* _Recorded information_:
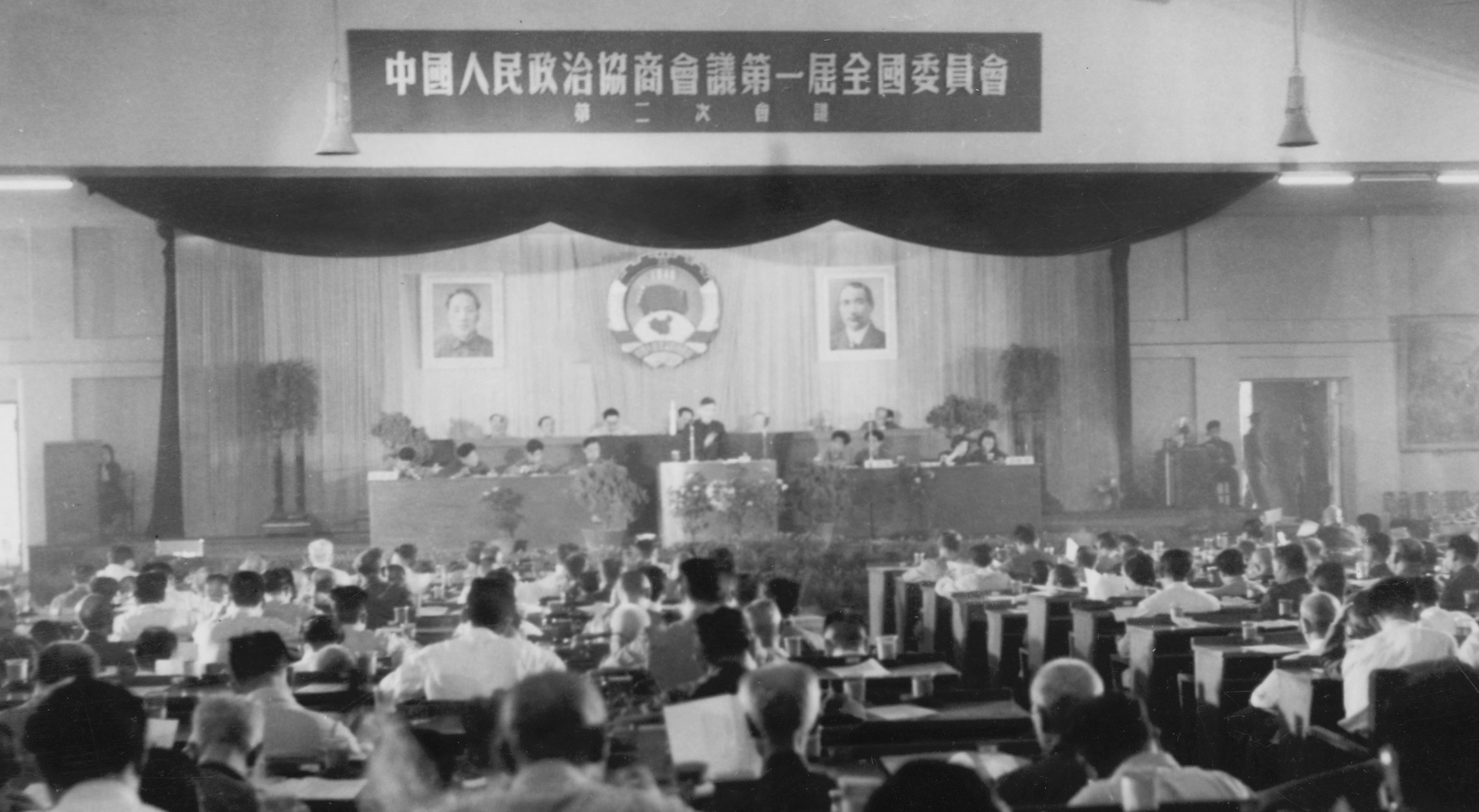 ▲全國政協(xié)一屆四次會議在中南海懷仁堂舉行,毛澤東作重要講話
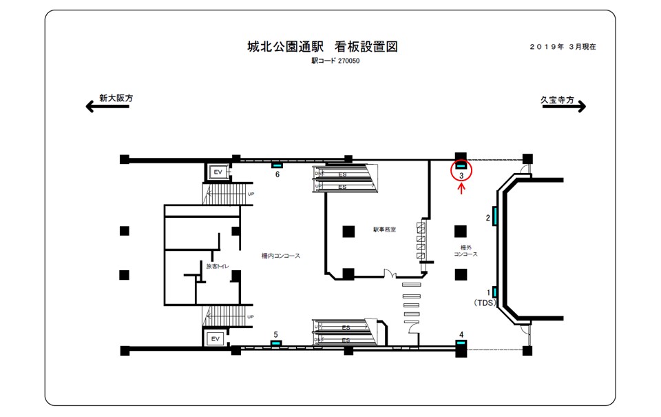 城北公園通駅の改札外コンコースに掲出された看板です。
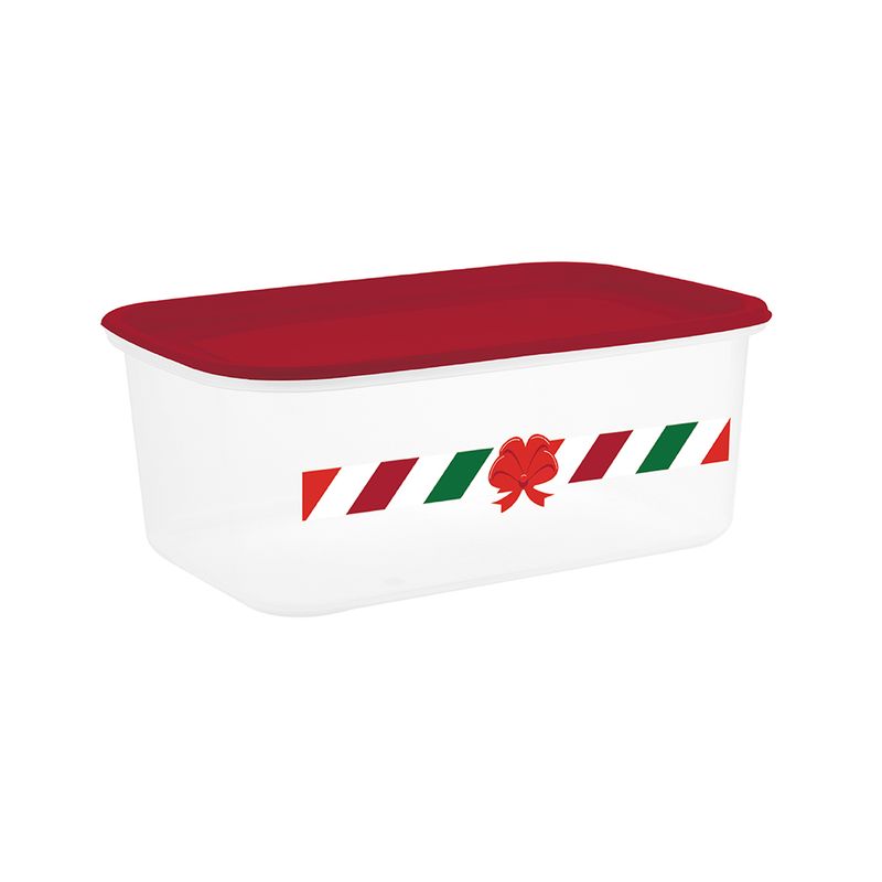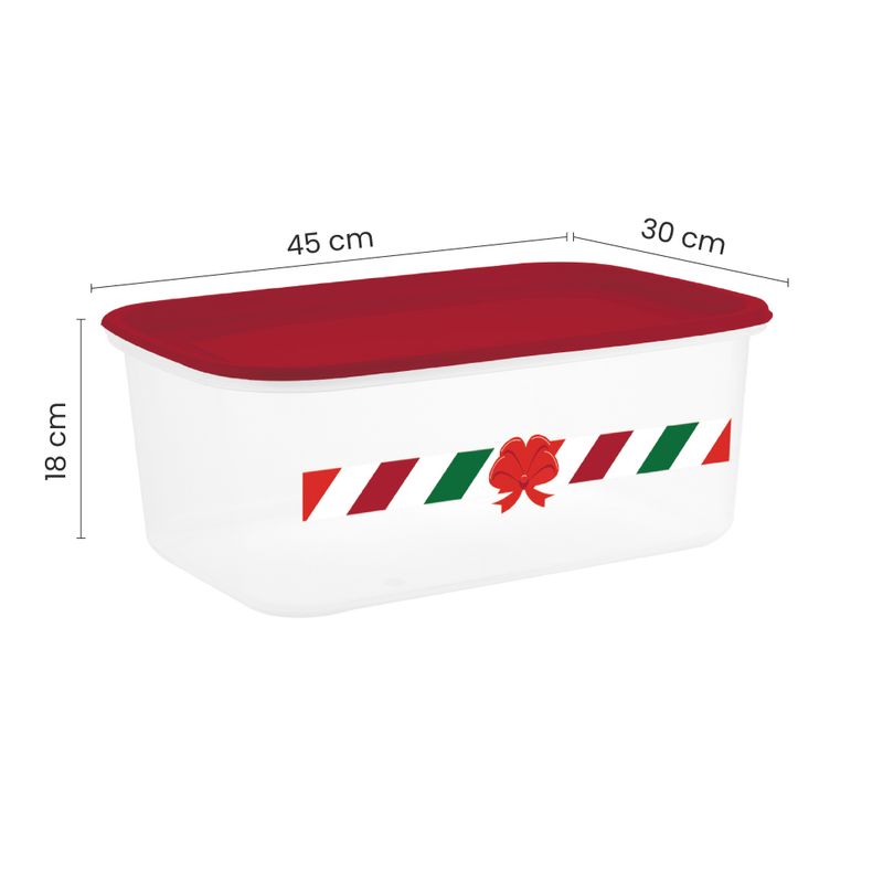 La Magia de Dar es ideal para almacenar o presentar regalos medianos en esta temporada. Con su diseño transparente con toques rojos, broches seguros y tamaño práctico, es perfecta para crear anchetas, empaques de regalos o mantener el orden con estilo.

* _What is expected_: Top to bottom, retype the listing exactly but drop every picture.

* _Written answer_:
 ▲全國政協(xié)一屆四次會議在中南海懷仁堂舉行,毛澤東作重要講話
 城北公園通駅の改札外コンコースに掲出された看板です。
 La Magia de Dar es ideal para almacenar o presentar regalos medianos en esta temporada. Con su diseño transparente con toques rojos, broches seguros y tamaño práctico, es perfecta para crear anchetas, empaques de regalos o mantener el orden con estilo.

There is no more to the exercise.